Instructions to follow: Transcribe, exactly and without pictures, the lines below from the line with "Metalor – 20 gram guldbarre stanset" to the line with "Dvojitá venkovní zásuvka", both ends included, and no others.

(Stored entries)
**********
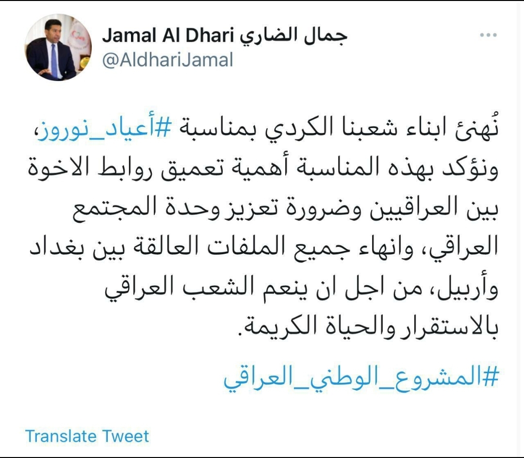 الضاري مغردا: نهنئ شعبنا الكردي باعياد النوروز ونتطلع الى انهاء الملفات التي تعكر صفو العلاقة بين بغداد واربيل
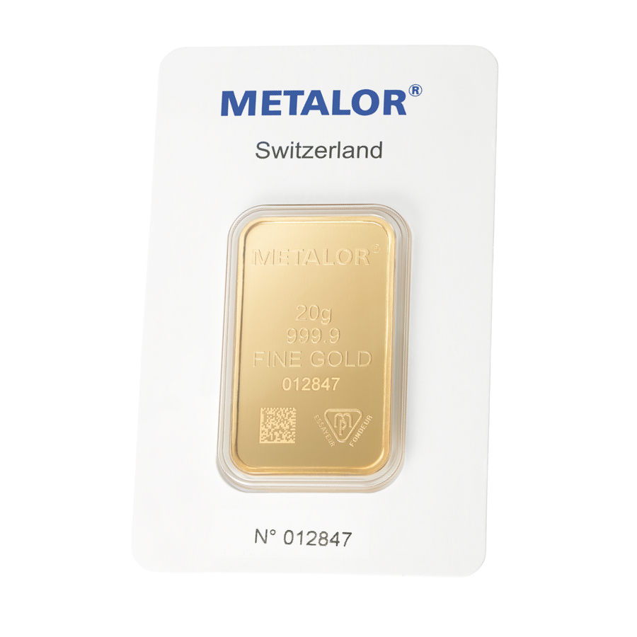 Metalor – 20 gram guldbarre stanset
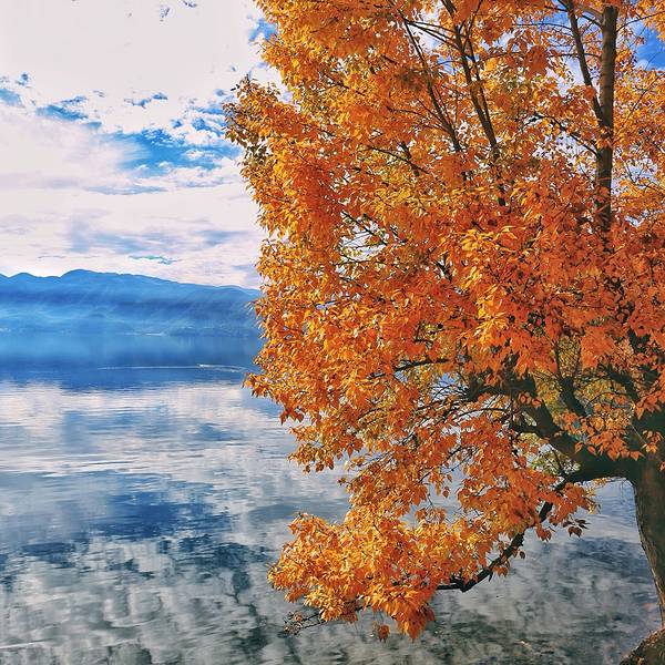 车子沿着湖边走,突然闯入两颗金黄满满的树,太美了!停车停车停车!两树相依,这才是情人树吧途径泸源崖~拍一张游客照试试光,意外的是我超喜欢这张,因为有点像我的女神,哈哈哈泸源崖的景~挺美,但是不好拍~
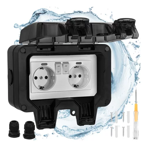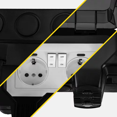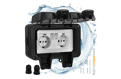 Dvojitá venkovní zásuvka je spolehlivé a bezpečné řešení pro napájení elektrických zařízení ve venkovním prostředí i v místech se zvýšenou vlhkostí. Díky vysokému krytí IP66 a odolné konstrukci ji můžete využít na zahradě, v garáži, dílně nebo technické místnosti.
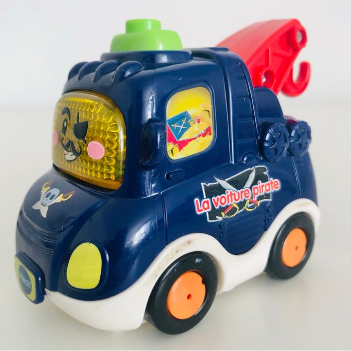 Je vends un véhicule interactif tutut bolide « Pat La voiture Pirate » en très bon état de fonctionnement. Quelques traces d’usure. Lorsqu’on appuie sur le bouton sur le toit le crochet bouge. Musique, sons et lumière. Piles non fournies.
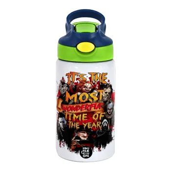 Halloween it's most wonderful time of the year, Children's hot water bottle, stainless steel, with safety straw, green, blue (350ml)
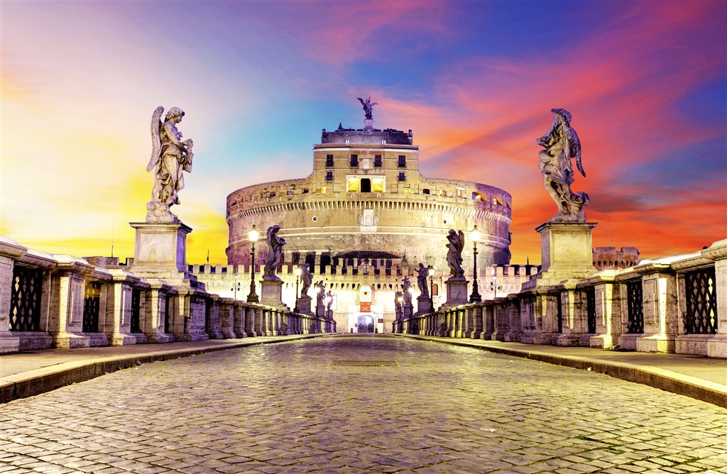 圣天使堡(Castel Sant’Angelo),位于意大利羅馬臺伯河畔,古羅馬地區(qū)的最西端,又稱哈德良陵墓(Mausoleo di Adriano).有數(shù)條橋可通往臺伯河西岸,較重要的一是伊曼紐爾二世橋(Ponte Vitttorio Emanuele Ⅱ),另一就是前往圣天使堡的著名橋梁(Ponte Santa Angelo)。由Bernini設計的這座橋可說是巴洛克式裝飾藝術杰作,不過橋上諸天使像中唯二兩座由Bernini親手雕成的雕像,已被移至Santa Adrea delle Fratte教堂內(nèi)妥為保存,改置兩座復制品于橋上。
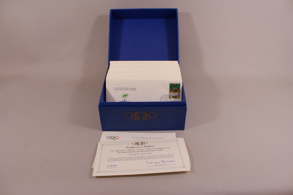 Eerstedagenveloppen in blauwe box Olympische Spelen ...
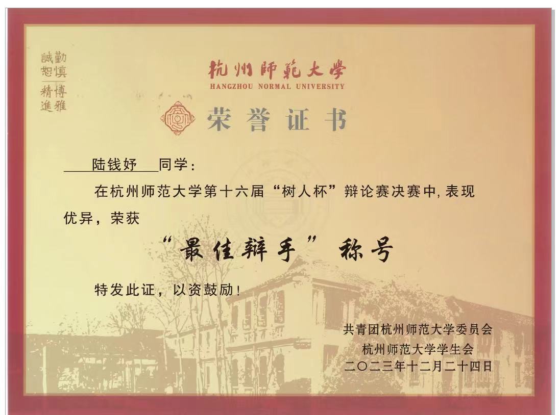 交锋语言与思想,碰撞灵感与智慧。金牌影院 辩论队由周洲、陆钱妤、吴弘雯、许媛媚、李茹湘、韩敏、陈珈莹、王敏婧、章扬羽、吴雨昕、褚筱好、马千仪、葛天仪、葛一诺十四位同学组成。其中,周洲同学获得初赛和复赛第二轮的最佳辩手称号,陆钱妤同学获得决赛最佳辩手称号。
**********
Exercise response:
 Metalor – 20 gram guldbarre stanset
 车子沿着湖边走,突然闯入两颗金黄满满的树,太美了!停车停车停车!两树相依,这才是情人树吧途径泸源崖~拍一张游客照试试光,意外的是我超喜欢这张,因为有点像我的女神,哈哈哈泸源崖的景~挺美,但是不好拍~
 Dvojitá venkovní zásuvka je spolehlivé a bezpečné řešení pro napájení elektrických zařízení ve venkovním prostředí i v místech se zvýšenou vlhkostí. Díky vysokému krytí IP66 a odolné konstrukci ji můžete využít na zahradě, v garáži, dílně nebo technické místnosti.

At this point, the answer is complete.